Мне сделалось досадно и жалко. Бедный Прокоп! Глуп-глуп, а культурность свою очень тонко понимает. У меня, говорит, в деревне и домик есть, и палисадничек при нем, и посуда, и серебрецо, и постелька для приятеля… видно, что человек живет! А мужик что! Вон у нас на селе у крестьянского мальчишки тараканы нос выели, а у меня, брат, тараканы только на кухне есть! Милый, милый Прокоп! Как сейчас вижу, как он в залупском клубе, за ужином, завязавшись салфеткой, сидит: буженины кусок проглотит и слово скажет, еще кусок проглотит и еще слово скажет. И слова всё – такие мелкие: текут, плывут, бегут – не поймаешь! Ест, а сам одним глазком в соседнюю залу заглядывает, потому что там действительный статский советник Солитер с статским советником Глистом о чем-то по секрету совещаются, а титулярный советник Трихина так и юлит, так и кружит около них. «Дай срок, ужо от Трихины все выведаю!» – думает Прокоп, а что выведаю, зачем выведаю… бежит, течет, плывет!

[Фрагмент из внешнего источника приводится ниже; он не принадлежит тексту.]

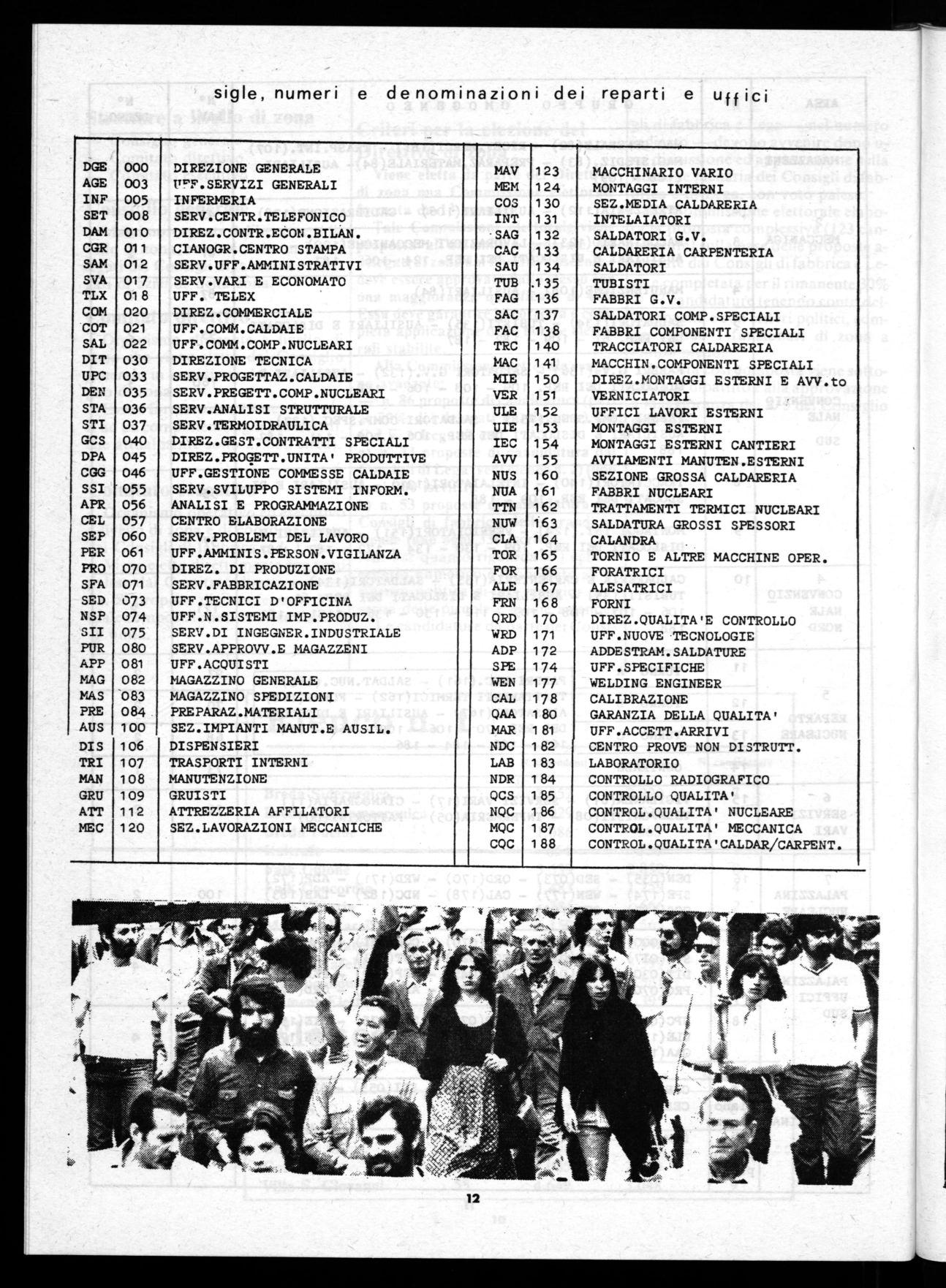 DGE 000 DIREZIONE GENERALE MAV 123 MACCHINARIO VARIO AGE 003 1TvT.SERVIZI GENERALI MEM 124 MONTAGGI INTERNI INF 005 INFERMERIA CO3 130 SEZ.MEDIA CALDARERIA SET 008 SERV.CENTR.TELEFONICO INT 131 INTELAIATORI DAM 010 DIREZ.CONTR.ECON.BILAN. SAG 132 SALDATORI G.V. CGR 011 CIANOGR.CENTRO STAMPA CAC 133 CALDARERIA CARPENTERIA SAM 012 SERV.UFF.AMMINISTRATIVI SAU 134 SALDATORI SVA 017 SERV.VARI E ECONOMATO TUB .135 TUBISTI TLX 018 UFF. TELEX FAG 136 FABBRI G.V. COM 020 DIREZ.COMMERCIALE SAC 137 SALDATORI COMP.SPECIALI COT 021 UFF.COMM.CALDAIE FAC 138 FABBRI COMPONENTI SPECIALI SAL 022 UFF.COMM.COMP.NUCLEARI TRC 140 TRACCIATORI CALDARERIA DIT 030 DIREZIONE TECNICA MAC 141 MACCHIN.COMPONENTI SPECIALI UPC 033 SERV.PROGETTAZ.CALDAIE MIE 150 DIREZ.MONTAGGI ESTERNI E AVV.to DEN 035 SERV.PREGETT.COMP.NUCLEARI VER 151 VERNICIATORI STA 036 SERV.ANALISI STRUTTURALE ULE 152 UFFICI LAVORI ESTERNI STI 037 SERV.TERMOIDRAULICA UIE 153 MONTAGGI ESTERNI GCS 040 DIREZ.GEST.CONTRATTI SPECIALI IEC 154 MONTAGGI ESTERNI CANTIERI DPA 045 DIREZ.PROGETT.UNITA' PRODUTTIVE AVV 155 AVVIAMENTI MANUTEN.ESTERNI CGG 046 UFF.GESTIONE COMMESSE CALDAIE NUS 160 SEZIONE GROSSA CALDARERIA SSI 055 SERV.SVILUPPO SISTEMI INFORM. NUA 161 FABBRI NUCLEARI APR 056 ANALISI E PROGRAMMAZIONE TTN 162 TRATTAMENTI TERMICI NUCLEARI CEL 057 CENTRO ELABORAZIONE NUW 163 SALDATURA GROSSI SPESSORI SEP 060 SERV.PROBLEMI DEL LAVORO CLA 164 CALANDRA PER 061 UFF.AMMINIS.PERSON.VIGILANZA TOR 165 TORNIO E ALTRE MACCHINE OPER. PRO 070 DIREZ. DI PRODUZIONE FOR 166 FORATRICI SFA 071 SERV.FABBRICAZIONE ALE 167 ALESATRICI SED 073 UFF.TECNICI D'OFFICINA FRN 168 FORNI NSP 074 UFF.N.SISTEMI IMP.PRODUZ. QRD 170 DIREZ.QUALITA'E CONTROLLO SII 075 SERV.DI INGEGNER.INDUSTRIALE WRD 171 UFF.NUOVE TECNOLOGIE PUR 080 SERV.APPROVV.E MAGAZZENI ADP 172 ADDESTRAM.SALDATURE APP 081 UFF.ACQUISTI SPE 174 UFF.SPECIFICHE MAG 082 MAGAZZINO GENERALE WEN 177 WELDING ENGINEER MAS 083 MAGAZZINO SPEDIZIONI CAL 178 CALIBRAZIONE PRE 084 PREPARAZ.MATERIALI QAA 180 GARANZIA DELLA QUALITA' AUS 100 SEZ.IMPIANTI MANUT.E AUSIL. MAR 181 UFF.ACCETT.ARRIVI DIS 106 DISPENSIERI NDC 182 CENTRO PROVE NON DISTRUTT. TRI 107 TRASPORTI INTERNI LAB 183 LABORATORIO MAN 108 MANUTENZIONE NDR 184 CONTROLLO RADIOGRAFICO GRU 109 GRUISTI QCS 185 CONTROLLO QUALITA' ATT 112 ATTREZZERIA AFFILATORI NQC 186 CONTROL.QUALITA' NUCLEARE MEC 120 SEZ.LAVORAZIONI MECCANICHE MQC 187 CONTROL.QUALITA' MECCANICA CQC 188 CONTROL.QUALITA'CALDAR/CARPENT.

И так мне вдруг захотелось Прокопа увидеть, так захотелось на затылок его полюбоваться, что не успел я формулировать моего желанья, как в дверях раздался звонок, и Прокоп собственной персоной предстал передо мной.
Он был в культурном мундире и в культурных белых штанах. Лицо его, слегка напоминавшее морду красивейшего из мопсов, выражало сильное утомление; щеки одрябли, под глазами образовались темные круги, живот колыхался, ноги тряслись. Мне показалось даже, что он раздражен.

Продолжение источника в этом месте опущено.